■ Directions for this task
Images should be omitted while the rest of the data is duplicated exactly.

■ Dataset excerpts
☆ ☆ ☆ ☆
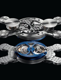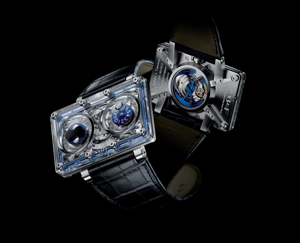Thanks to the sapphire case, the richness of this timepiece’s 349-component movement is revealed in all its crystalline purity. The construction of the Horological Machine N° 2-SV is an amazing feat considering its complex 3-dimensional architecture and the extreme hardness of the sapphire, a very difficult material to work with. It has pushed back the very limits of technology, an achievement that only the movement can rival. It is, in fact, the only mechanical movement in the world to offer an instantaneous jumping hour, concentric retrograde minutes, a retrograde date, a double-hemisphere moon phase, and automatic winding. The patented asymmetrically-toothed gear-trains used for the jumping hours and retrograde minutes guarantee a remarkable level of precision and performance and use very little energy. Limited series of 25.
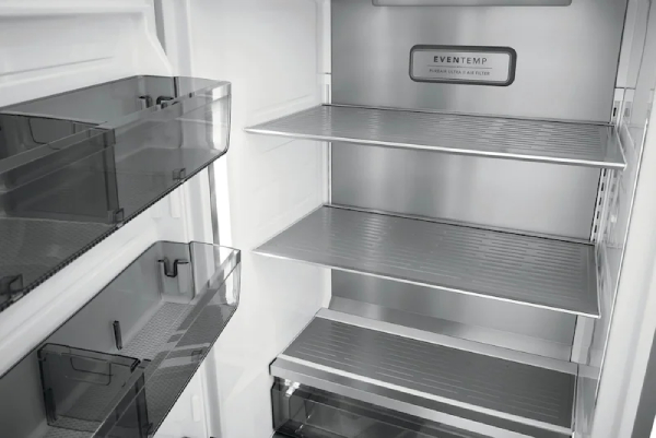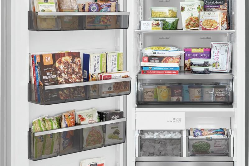 Easily organize your family's favorites with our adjustable smudge-resistant stainless steel (metal) shelving, movable full-width dark tinted door bins with metallic trim, divided bottom drawer, soft freeze drawer, and glide-out ice maker.
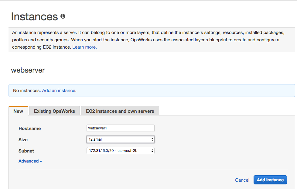 - Click on "Add instance"
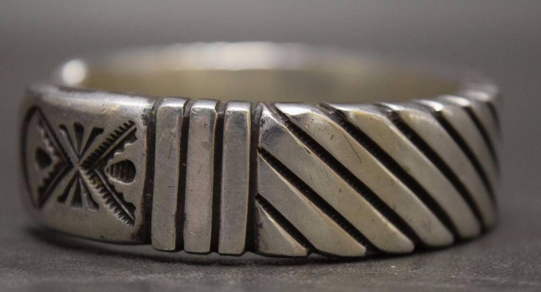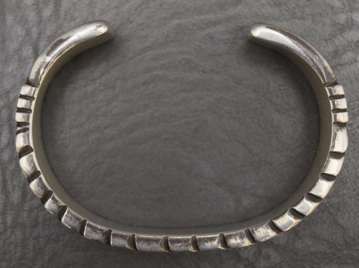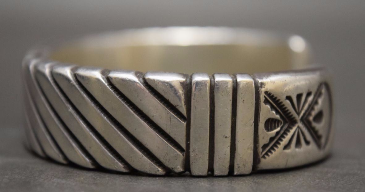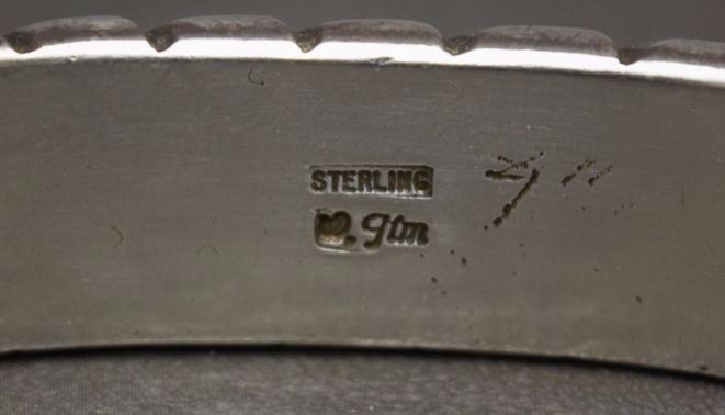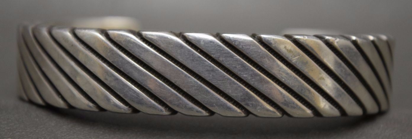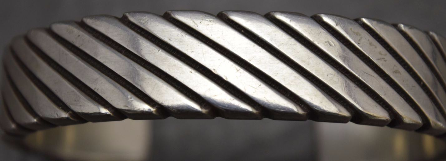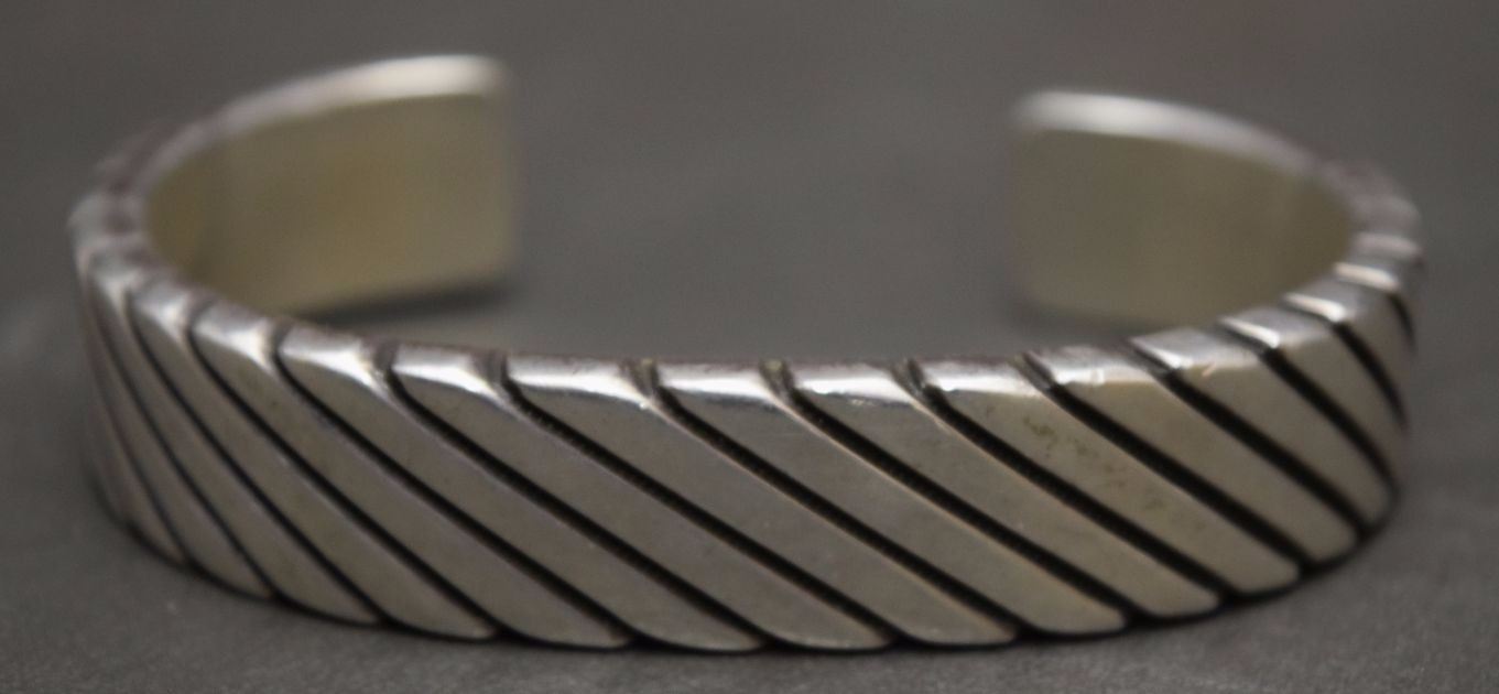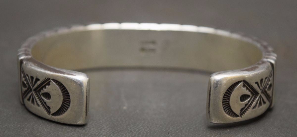 1980's sterling silver with stamped design 5/8'' x 6.25'' x 1.25'' total weight 128 grams marked W Jim
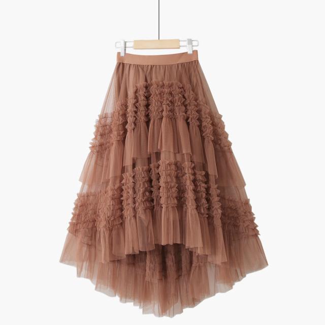 夏 レトロ バフスカート スカート ヒップスカート ミディスカート ミディアム丈 Aライン レース 刺繍 フリル ウエストゴム 薄手 レース かわいい 大人可愛い お洒落 レトロ 大人女子 ラブリー 無地 夏 20代 30代 レディース 女性用 ママ 女の子 ビジネス OL 通勤 学生 通学
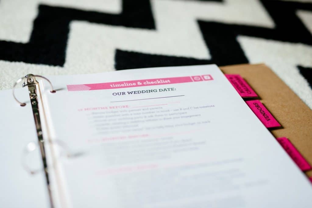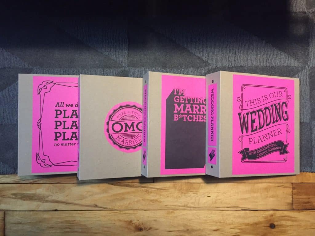 An awesome, custom 3-ring binder wedding planner to help keep you organized and get you started on your wedding planning journey. Cover available in Hot Pink, Purple & Teal.
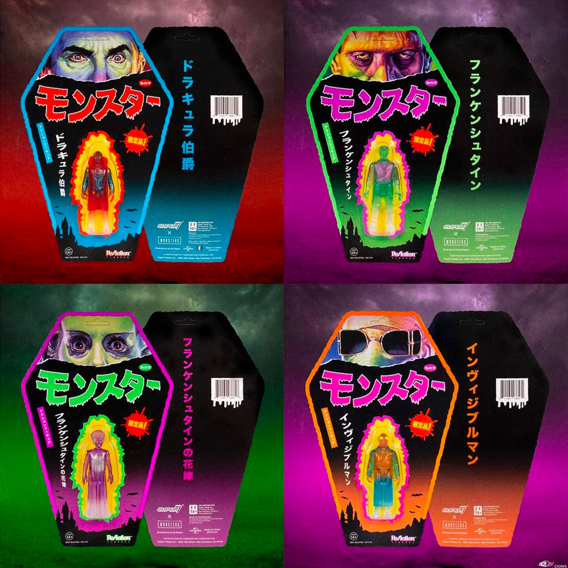 The Super7 x Universal Monsters collaboration continues with these exclusive translucent color 3.75" ReAction Figures on extra heavy Japanese-style cards!
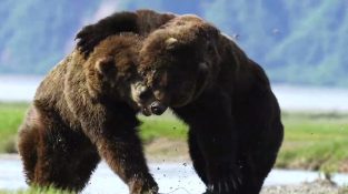 Nagy és heves párbaj két medve között az Alaszkai-félszigeten. A videót a Lake Clark Nemzeti Park határán rögzítették. Két óriási hím verseng a költési időszak dominanciájáért egy réten.
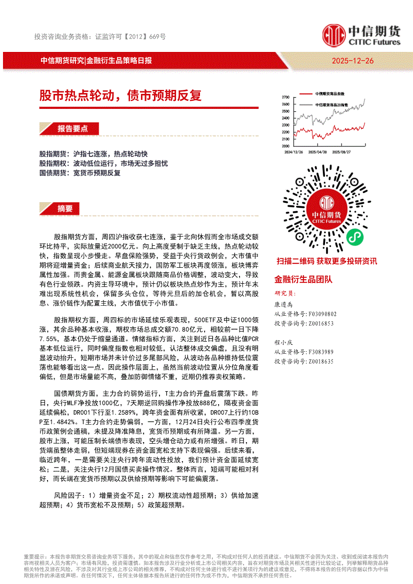 中信期货-金融衍生品策略日报:股市热点轮动,债市预期反复-251226
☆ ☆ ☆ ☆
■ Result of this exercise
Thanks to the sapphire case, the richness of this timepiece’s 349-component movement is revealed in all its crystalline purity. The construction of the Horological Machine N° 2-SV is an amazing feat considering its complex 3-dimensional architecture and the extreme hardness of the sapphire, a very difficult material to work with. It has pushed back the very limits of technology, an achievement that only the movement can rival. It is, in fact, the only mechanical movement in the world to offer an instantaneous jumping hour, concentric retrograde minutes, a retrograde date, a double-hemisphere moon phase, and automatic winding. The patented asymmetrically-toothed gear-trains used for the jumping hours and retrograde minutes guarantee a remarkable level of precision and performance and use very little energy. Limited series of 25.
 Easily organize your family's favorites with our adjustable smudge-resistant stainless steel (metal) shelving, movable full-width dark tinted door bins with metallic trim, divided bottom drawer, soft freeze drawer, and glide-out ice maker.
 - Click on "Add instance"
 1980's sterling silver with stamped design 5/8'' x 6.25'' x 1.25'' total weight 128 grams marked W Jim
 夏 レトロ バフスカート スカート ヒップスカート ミディスカート ミディアム丈 Aライン レース 刺繍 フリル ウエストゴム 薄手 レース かわいい 大人可愛い お洒落 レトロ 大人女子 ラブリー 無地 夏 20代 30代 レディース 女性用 ママ 女の子 ビジネス OL 通勤 学生 通学
 An awesome, custom 3-ring binder wedding planner to help keep you organized and get you started on your wedding planning journey. Cover available in Hot Pink, Purple & Teal.
 The Super7 x Universal Monsters collaboration continues with these exclusive translucent color 3.75" ReAction Figures on extra heavy Japanese-style cards!
 Nagy és heves párbaj két medve között az Alaszkai-félszigeten. A videót a Lake Clark Nemzeti Park határán rögzítették. Két óriási hím verseng a költési időszak dominanciájáért egy réten.
 中信期货-金融衍生品策略日报:股市热点轮动,债市预期反复-251226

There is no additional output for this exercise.